Start of Block
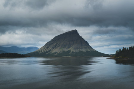 mountain lakes and mountains are captured in this drone photo, with heavy clouds adding to the atmospheric ambience. the style of erik johansson and carl holsoe is evident, reminiscent of traditional british landscapes. the use of light gray and amber tones creates a thought-provoking scene, akin to the work of philip mckay. ai generated
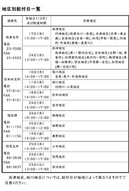 事業内容と利用できる方についてはチラシをご覧ください。お申し込みは佐渡市社会福祉協議会各支所または地区の民生委員児童委員の方へ、11月19日(水)までにお願いします。・チラシ(両面)>>PDFダウンロード
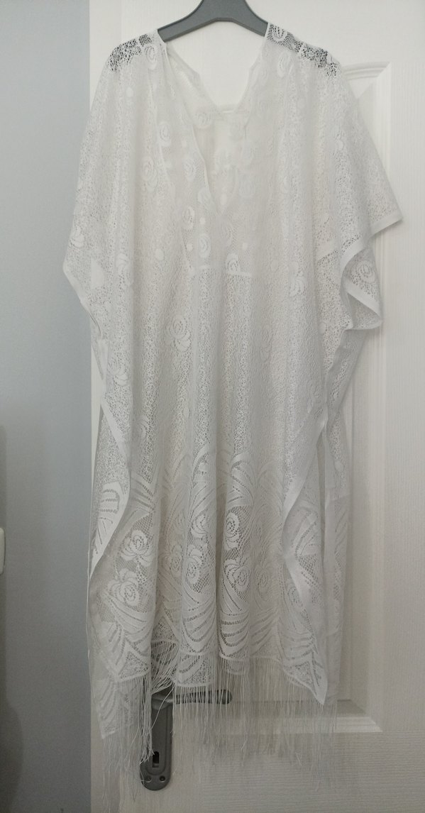 Beyaz renkte, drapeli tasarıma sahip, yumuşak sentetik kumaştan yapılmış kadın pareo
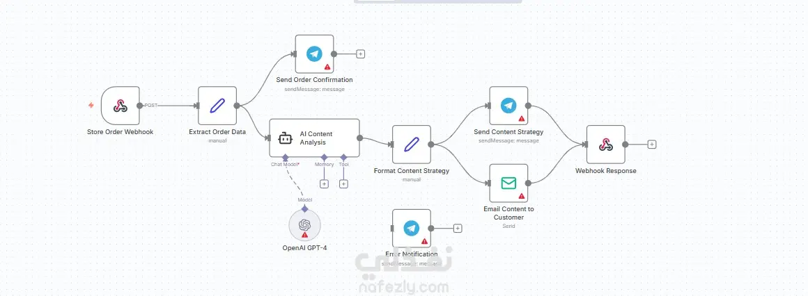 هذا المشروع عبارة عن عميل ذكي (AI Agent) يعمل عبر منصة n8n، مخصّص للأعمال التي تقدّم خدمات المحتوى. يستقبل الطلبات من المتجر، يرسل تأكيد للعميل على تيليجرام، يُنشئ استراتيجية محتوى كاملة باستخدام الذكاء الاصطناعي، ثم يرسلها إلى العميل عبر البريد الإلكتروني وتيليجرام بشكل تلقائي بالكامل. شرح سير العمل بالكامل 1. استقبال الطلبات (Webhook) يبدأ النظام من Webhook يستقبل طلبات المحتوى مباشرة من المتجر، ويأخذ كل تفاصيل العميل والمنتج. 2. استخراج وتنظيم البيانات يتم تنظيف وتنظيم بيانات الطلب مثل: اسم العميل البريد الإلكتروني معرف تيليجرام نوع المنتج متطلبات المحتوى رقم الطلب وذلك لضمان تمرير بيانات دقيقة ومنسّقة للذكاء الاصطناعي. 3. إرسال تأكيد الطلب عبر تيليجرام بمجرد استلام الطلب، يرسل الروبوت رسالة مخصصة للعميل على تيليجرام: تأكيد استلام الطلب عرض رقم الطلب إبلاغ العميل بأن الذكاء الاصطناعي بدأ إعداد الاستراتيجية 4. توليد استراتيجية المحتوى بالذكاء الاصطناعي يستخدم الروبوت Agent مبني على LangChain و GPT-4 لإنتاج استراتيجية محتوى احترافية بناءً على: نوع المنتج متطلبات العميل أهداف المحتوى الجمهور المستهدف الناتج يتضمن: ملخص تنفيذي تحليل الجمهور أنواع المحتوى المقترحة أفكار وعناوين جاهزة خطة نشر محتملة ويكون مهيكلًا بالكامل بتنسيق Markdown. 5. تجهيز الناتج وتنسيقه بعد توليد الاستراتيجية، يتم إعادة تنسيقها لتكون جاهزة للإرسال عبر: تيليجرام البريد الإلكتروني الرد النهائي للمتجر 6. إرسال الاستراتيجية للعميل عبر تيليجرام بتنسيق جميل وسهل القراءة على الهاتف. عبر البريد الإلكتروني يصل للعميل نسخة كاملة من الاستراتيجية. 7. الرد النهائي للمتجر يرسل النظام رد JSON للمتجر يحتوي على: حالة الطلب حالة الإشعارات رقم الطلب التوقيت مميزات المشروع أتمتة كاملة بدون تدخل بشري تواصل فوري عبر تيليجرام توليد استراتيجية محتوى متكاملة بالذكاء الاصطناعي إخراج احترافي بتنسيق Markdown إرسال عبر تيليجرام والبريد الإلكتروني مناسب للمتاجر الإلكترونية ووكالات المحتوى هذا المشروع مثالي للأعمال التي تريد أتمتة خدمات إنشاء المحتوى أو إضافة الذكاء الاصطناعي إلى أنظمتها
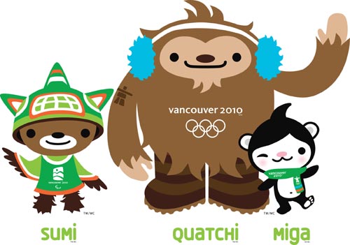 冬奧會(huì)的吉祥物是名叫“米加”的北極熊和名叫“魁特奇”的北美野人,而冬季殘奧會(huì)的吉祥物則是名叫蘇米的雷鳥精靈。
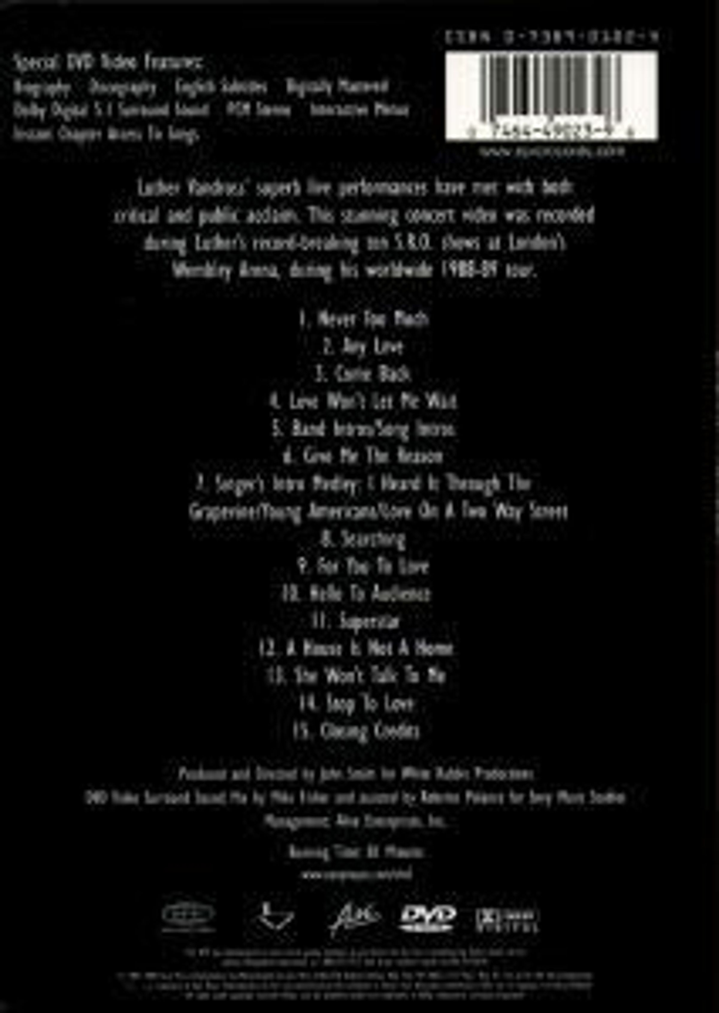 Luther Vandross' superb live performances have met with both critical and public acclaim. This stunning concert video was recored during Luther's record-breaking ten S. R.O. shows at London's Wembley Arena, during his worldwide 1988-89 tour.
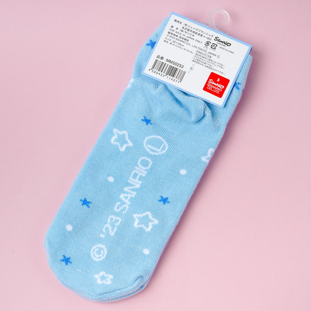 Go to your next slumber party wearing this pair of kawaii socks! It features a cute print of Pochacco with a starry background and a bowtie on top.
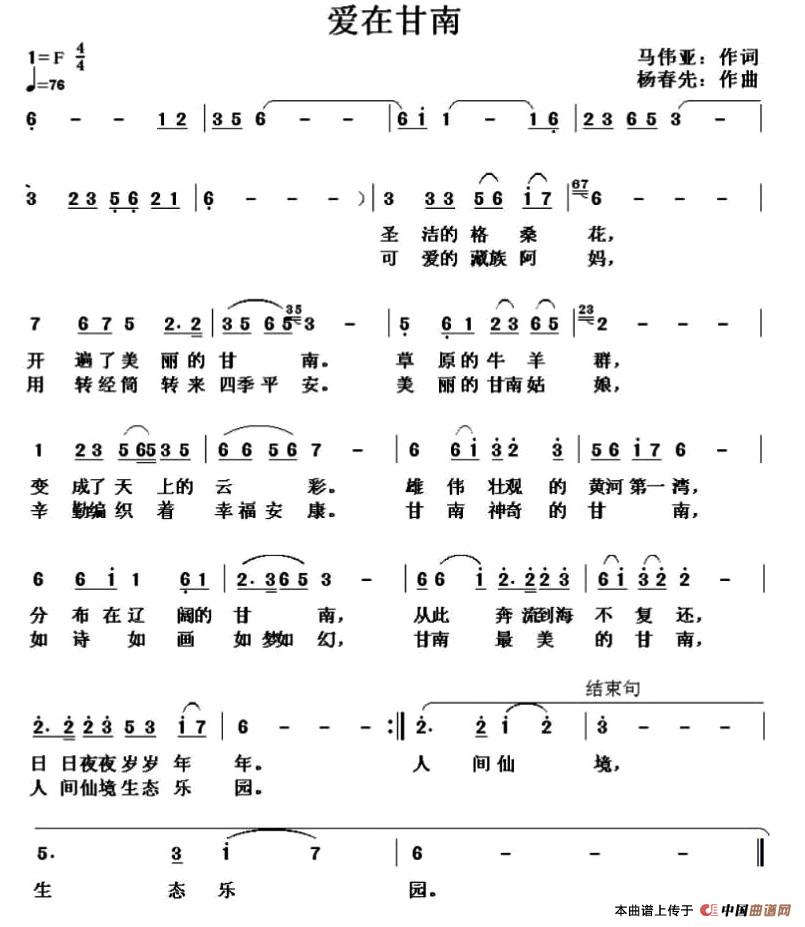 关于《爱在甘南》曲谱的评论
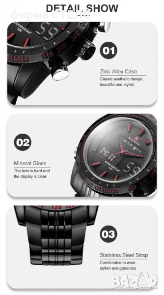 Корпус и циферблат от неръждаема стомана. Стъклото на циферблата е устойчиво на надраскване
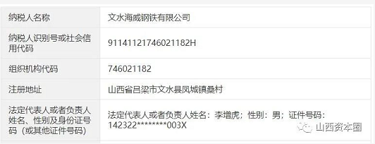 资料显示,李增虎发家于1985年创立的炼铁厂,后于2003年注册成立文水海威钢铁,这也是其最重要的资产,亦曾是山西省重点民营钢铁企业。。而作为当地最大钢企和龙头企业,海威钢铁是文水县财政税收的重要来源,据传文水县坊间广为流传着一句话——“世界是美国的,文水是海威的”,足见当时海威之于文水县的重要性。
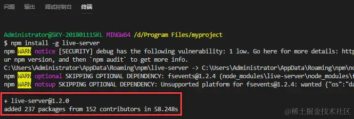 3、接下来还要用npm安装一个包来开启本地服务器,使用ctrl+`快捷键打开终端,然后输入npm install -g live-server,出现红框标注的那个部分就说明安装成功了
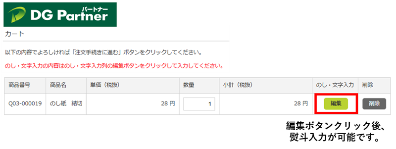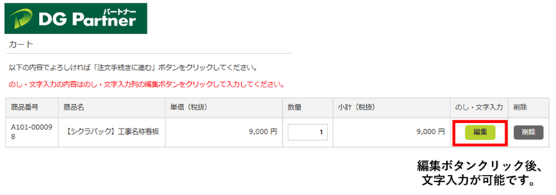 2. カート画面(または注文確認画面)にある「編集」ボタンを押してください。
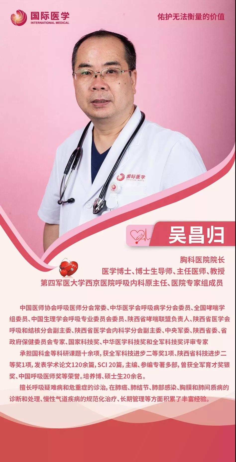 2019年,結(jié)束了在西京醫(yī)院29年的軍醫(yī)生涯的吳昌歸,來到西安國際醫(yī)學(xué)中心醫(yī)院,出任胸科醫(yī)院院長。吳昌歸一開始就將自己的工作安排的滿滿當(dāng)當(dāng),每周四個半天門診,三個半天查房,患者依舊是他工作的中心。
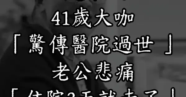 又是甲流!41歲大咖「驚傳醫院過世 」...老公悲痛「住院3天就走了」
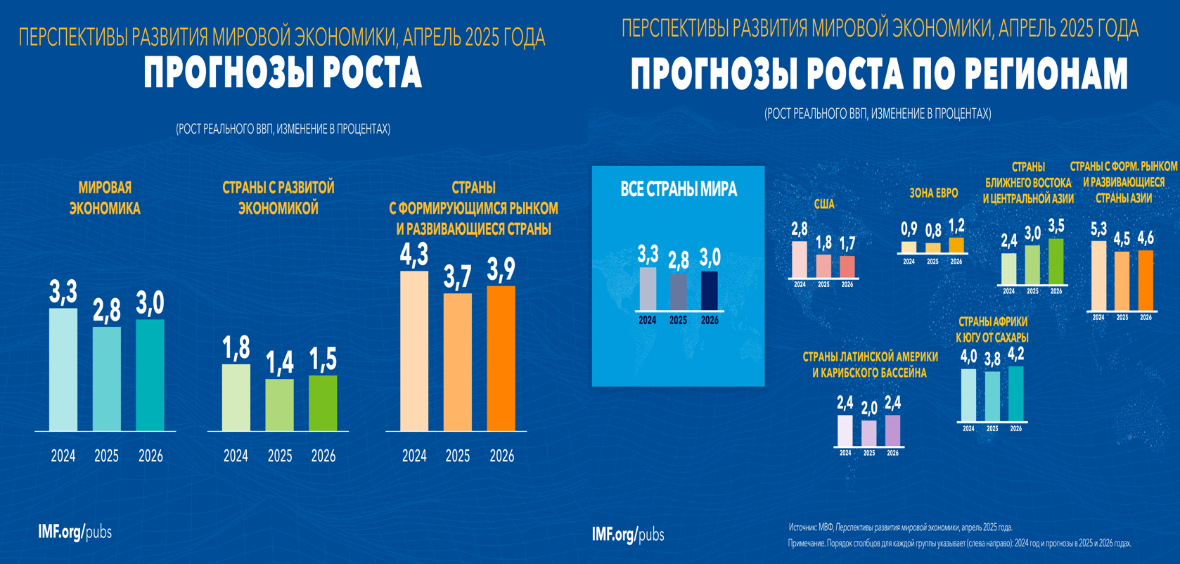 После продолжительной и беспрецедентной серии потрясений мировая экономика, по-видимому, стабилизировалась, с устойчивыми, но не впечатляющими темпами роста, говорится в предисловии к отчету. Однако ландшафт изменился, поскольку правительства по всему миру переупорядочили приоритеты политики, а неопределенность поднялась до новых максимумов. Прогнозы мирового роста были существенно пересмотрены в сторону понижения в апрельском выпускеWorld Economic Outlook по сравнению с январем, отражая рост тарифных ставок до уровней, не наблюдавшихся уже 100 лет, и крайне непредсказуемую обстановку.
End of Block
● Work request:
Reproduce the entire listing above precisely, but keep the images out.

● Completed task:
 mountain lakes and mountains are captured in this drone photo, with heavy clouds adding to the atmospheric ambience. the style of erik johansson and carl holsoe is evident, reminiscent of traditional british landscapes. the use of light gray and amber tones creates a thought-provoking scene, akin to the work of philip mckay. ai generated
 事業内容と利用できる方についてはチラシをご覧ください。お申し込みは佐渡市社会福祉協議会各支所または地区の民生委員児童委員の方へ、11月19日(水)までにお願いします。・チラシ(両面)>>PDFダウンロード
 Beyaz renkte, drapeli tasarıma sahip, yumuşak sentetik kumaştan yapılmış kadın pareo
 هذا المشروع عبارة عن عميل ذكي (AI Agent) يعمل عبر منصة n8n، مخصّص للأعمال التي تقدّم خدمات المحتوى. يستقبل الطلبات من المتجر، يرسل تأكيد للعميل على تيليجرام، يُنشئ استراتيجية محتوى كاملة باستخدام الذكاء الاصطناعي، ثم يرسلها إلى العميل عبر البريد الإلكتروني وتيليجرام بشكل تلقائي بالكامل. شرح سير العمل بالكامل 1. استقبال الطلبات (Webhook) يبدأ النظام من Webhook يستقبل طلبات المحتوى مباشرة من المتجر، ويأخذ كل تفاصيل العميل والمنتج. 2. استخراج وتنظيم البيانات يتم تنظيف وتنظيم بيانات الطلب مثل: اسم العميل البريد الإلكتروني معرف تيليجرام نوع المنتج متطلبات المحتوى رقم الطلب وذلك لضمان تمرير بيانات دقيقة ومنسّقة للذكاء الاصطناعي. 3. إرسال تأكيد الطلب عبر تيليجرام بمجرد استلام الطلب، يرسل الروبوت رسالة مخصصة للعميل على تيليجرام: تأكيد استلام الطلب عرض رقم الطلب إبلاغ العميل بأن الذكاء الاصطناعي بدأ إعداد الاستراتيجية 4. توليد استراتيجية المحتوى بالذكاء الاصطناعي يستخدم الروبوت Agent مبني على LangChain و GPT-4 لإنتاج استراتيجية محتوى احترافية بناءً على: نوع المنتج متطلبات العميل أهداف المحتوى الجمهور المستهدف الناتج يتضمن: ملخص تنفيذي تحليل الجمهور أنواع المحتوى المقترحة أفكار وعناوين جاهزة خطة نشر محتملة ويكون مهيكلًا بالكامل بتنسيق Markdown. 5. تجهيز الناتج وتنسيقه بعد توليد الاستراتيجية، يتم إعادة تنسيقها لتكون جاهزة للإرسال عبر: تيليجرام البريد الإلكتروني الرد النهائي للمتجر 6. إرسال الاستراتيجية للعميل عبر تيليجرام بتنسيق جميل وسهل القراءة على الهاتف. عبر البريد الإلكتروني يصل للعميل نسخة كاملة من الاستراتيجية. 7. الرد النهائي للمتجر يرسل النظام رد JSON للمتجر يحتوي على: حالة الطلب حالة الإشعارات رقم الطلب التوقيت مميزات المشروع أتمتة كاملة بدون تدخل بشري تواصل فوري عبر تيليجرام توليد استراتيجية محتوى متكاملة بالذكاء الاصطناعي إخراج احترافي بتنسيق Markdown إرسال عبر تيليجرام والبريد الإلكتروني مناسب للمتاجر الإلكترونية ووكالات المحتوى هذا المشروع مثالي للأعمال التي تريد أتمتة خدمات إنشاء المحتوى أو إضافة الذكاء الاصطناعي إلى أنظمتها
 冬奧會(huì)的吉祥物是名叫“米加”的北極熊和名叫“魁特奇”的北美野人,而冬季殘奧會(huì)的吉祥物則是名叫蘇米的雷鳥精靈。
 Luther Vandross' superb live performances have met with both critical and public acclaim. This stunning concert video was recored during Luther's record-breaking ten S. R.O. shows at London's Wembley Arena, during his worldwide 1988-89 tour.
 Go to your next slumber party wearing this pair of kawaii socks! It features a cute print of Pochacco with a starry background and a bowtie on top.
 关于《爱在甘南》曲谱的评论
 Корпус и циферблат от неръждаема стомана. Стъклото на циферблата е устойчиво на надраскване
 资料显示,李增虎发家于1985年创立的炼铁厂,后于2003年注册成立文水海威钢铁,这也是其最重要的资产,亦曾是山西省重点民营钢铁企业。。而作为当地最大钢企和龙头企业,海威钢铁是文水县财政税收的重要来源,据传文水县坊间广为流传着一句话——“世界是美国的,文水是海威的”,足见当时海威之于文水县的重要性。
 3、接下来还要用npm安装一个包来开启本地服务器,使用ctrl+`快捷键打开终端,然后输入npm install -g live-server,出现红框标注的那个部分就说明安装成功了
 2. カート画面(または注文確認画面)にある「編集」ボタンを押してください。
 2019年,結(jié)束了在西京醫(yī)院29年的軍醫(yī)生涯的吳昌歸,來到西安國際醫(yī)學(xué)中心醫(yī)院,出任胸科醫(yī)院院長。吳昌歸一開始就將自己的工作安排的滿滿當(dāng)當(dāng),每周四個半天門診,三個半天查房,患者依舊是他工作的中心。
 又是甲流!41歲大咖「驚傳醫院過世 」...老公悲痛「住院3天就走了」
 После продолжительной и беспрецедентной серии потрясений мировая экономика, по-видимому, стабилизировалась, с устойчивыми, но не впечатляющими темпами роста, говорится в предисловии к отчету. Однако ландшафт изменился, поскольку правительства по всему миру переупорядочили приоритеты политики, а неопределенность поднялась до новых максимумов. Прогнозы мирового роста были существенно пересмотрены в сторону понижения в апрельском выпускеWorld Economic Outlook по сравнению с январем, отражая рост тарифных ставок до уровней, не наблюдавшихся уже 100 лет, и крайне непредсказуемую обстановку.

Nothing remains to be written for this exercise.